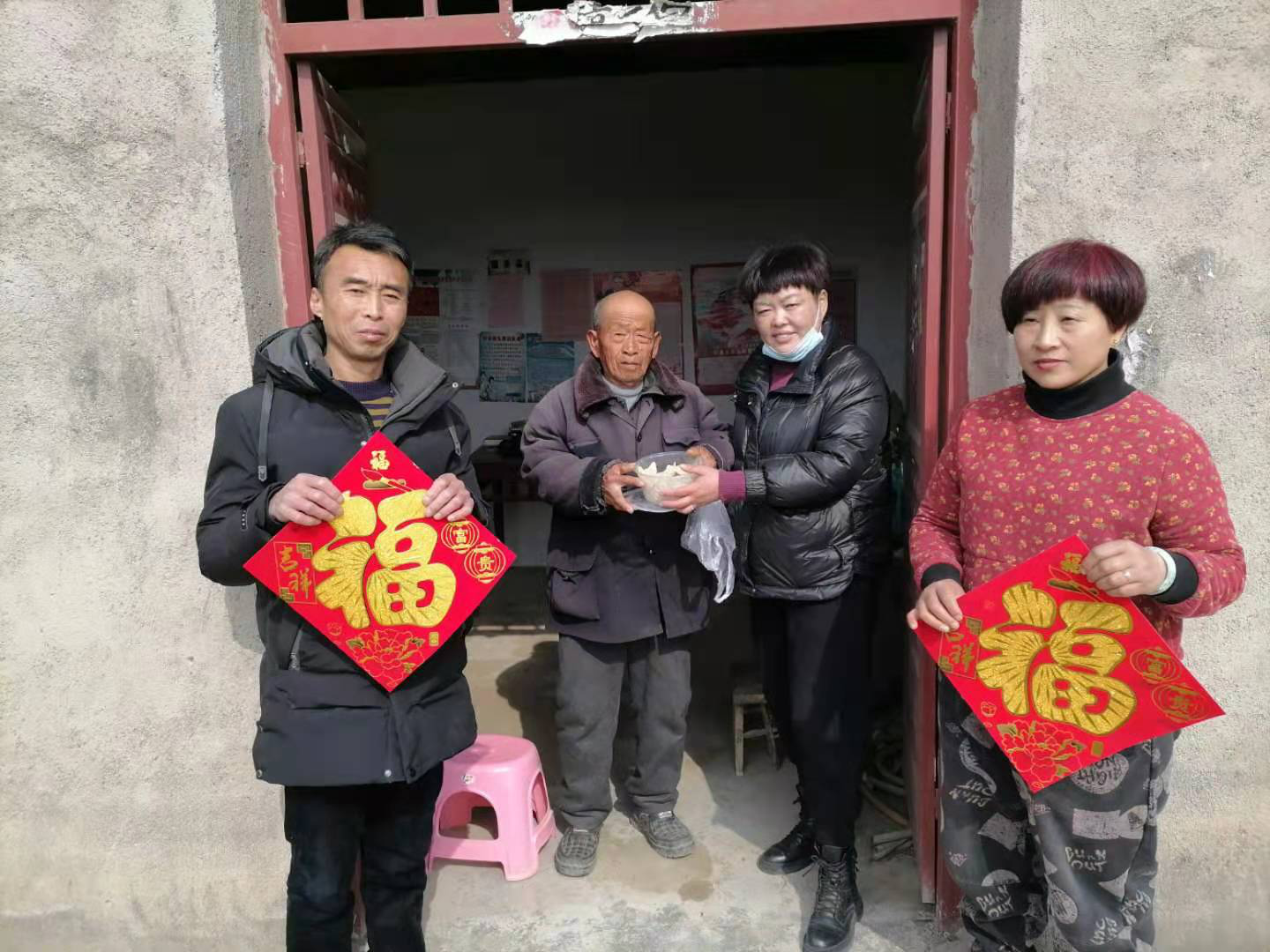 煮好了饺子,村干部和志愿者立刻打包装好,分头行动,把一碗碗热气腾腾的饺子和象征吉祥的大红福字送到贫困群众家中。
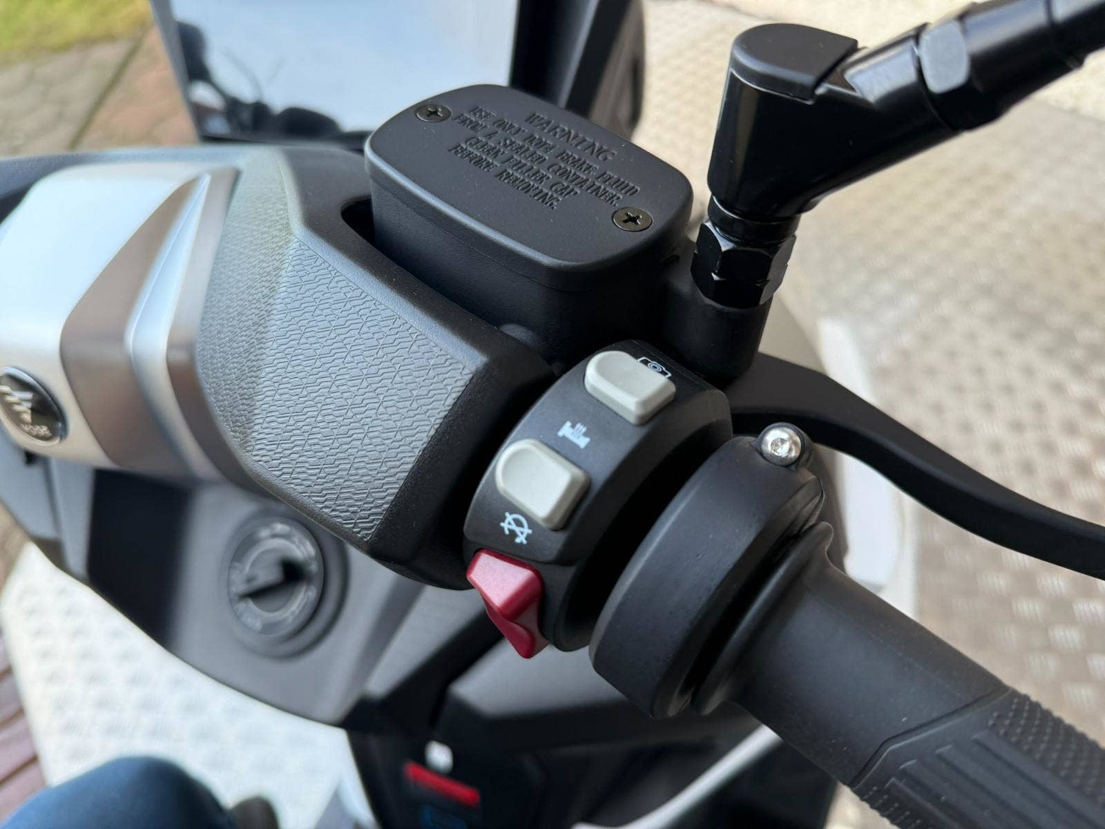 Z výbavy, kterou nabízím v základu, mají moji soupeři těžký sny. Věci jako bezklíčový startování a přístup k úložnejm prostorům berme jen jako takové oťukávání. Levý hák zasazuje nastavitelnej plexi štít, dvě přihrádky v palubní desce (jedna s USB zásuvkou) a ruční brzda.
+===+
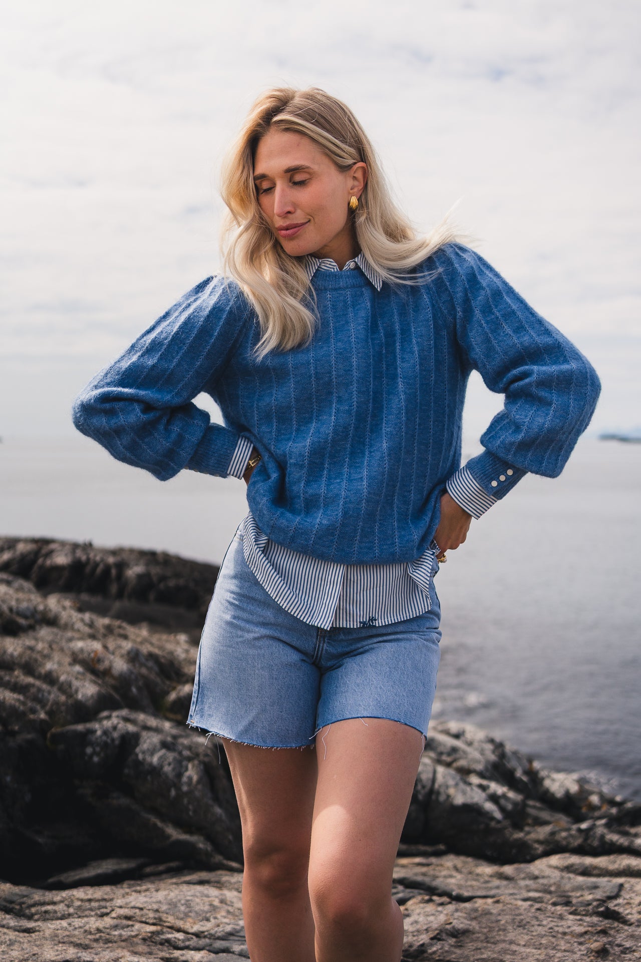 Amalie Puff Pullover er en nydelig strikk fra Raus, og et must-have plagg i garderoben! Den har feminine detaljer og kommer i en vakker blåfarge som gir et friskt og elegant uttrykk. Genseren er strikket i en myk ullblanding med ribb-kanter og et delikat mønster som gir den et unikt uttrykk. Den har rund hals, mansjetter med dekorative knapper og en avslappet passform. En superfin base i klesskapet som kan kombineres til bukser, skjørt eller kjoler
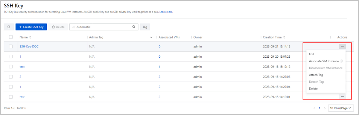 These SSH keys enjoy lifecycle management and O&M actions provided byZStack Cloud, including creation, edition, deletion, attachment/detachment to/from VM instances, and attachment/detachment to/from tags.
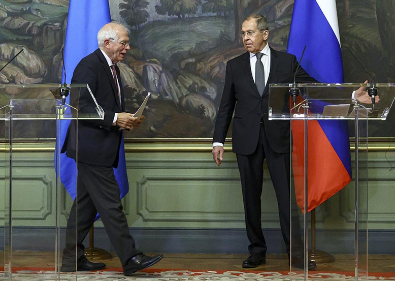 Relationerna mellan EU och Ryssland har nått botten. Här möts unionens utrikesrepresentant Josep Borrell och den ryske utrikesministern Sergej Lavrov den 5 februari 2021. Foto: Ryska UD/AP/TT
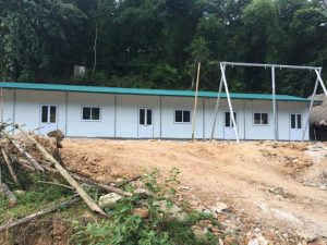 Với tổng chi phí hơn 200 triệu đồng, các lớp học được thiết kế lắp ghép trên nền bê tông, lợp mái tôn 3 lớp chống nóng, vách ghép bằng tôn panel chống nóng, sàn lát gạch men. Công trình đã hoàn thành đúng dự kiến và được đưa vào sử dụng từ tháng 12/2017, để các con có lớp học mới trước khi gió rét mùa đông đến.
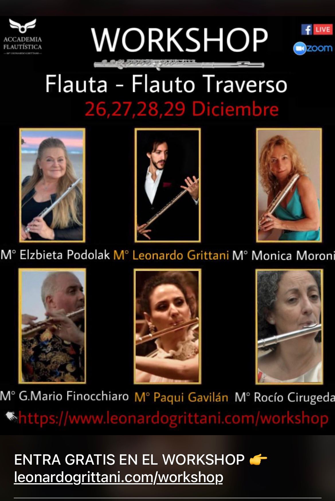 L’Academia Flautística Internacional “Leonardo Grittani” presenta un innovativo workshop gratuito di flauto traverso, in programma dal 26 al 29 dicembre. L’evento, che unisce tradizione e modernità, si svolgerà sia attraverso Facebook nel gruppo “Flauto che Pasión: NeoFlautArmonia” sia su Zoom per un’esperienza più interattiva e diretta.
+===+
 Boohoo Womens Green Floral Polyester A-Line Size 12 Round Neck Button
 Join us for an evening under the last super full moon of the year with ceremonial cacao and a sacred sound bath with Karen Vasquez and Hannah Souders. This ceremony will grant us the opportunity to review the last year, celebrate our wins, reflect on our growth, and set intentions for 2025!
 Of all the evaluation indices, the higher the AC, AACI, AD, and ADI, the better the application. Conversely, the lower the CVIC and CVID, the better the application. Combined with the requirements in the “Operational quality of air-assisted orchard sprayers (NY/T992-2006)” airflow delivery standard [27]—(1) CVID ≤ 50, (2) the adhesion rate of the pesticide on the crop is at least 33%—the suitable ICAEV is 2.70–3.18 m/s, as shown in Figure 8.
+===+
▶ _Task to complete_:
Quote the lines above exactly, starting with the one that has "煮好了饺子,村干部和志愿者立" and ending with the one that has "Z výbavy, kterou"; drop the pictures and include nothing else.

▶ _Task answer_:
 煮好了饺子,村干部和志愿者立刻打包装好,分头行动,把一碗碗热气腾腾的饺子和象征吉祥的大红福字送到贫困群众家中。
 Z výbavy, kterou nabízím v základu, mají moji soupeři těžký sny. Věci jako bezklíčový startování a přístup k úložnejm prostorům berme jen jako takové oťukávání. Levý hák zasazuje nastavitelnej plexi štít, dvě přihrádky v palubní desce (jedna s USB zásuvkou) a ruční brzda.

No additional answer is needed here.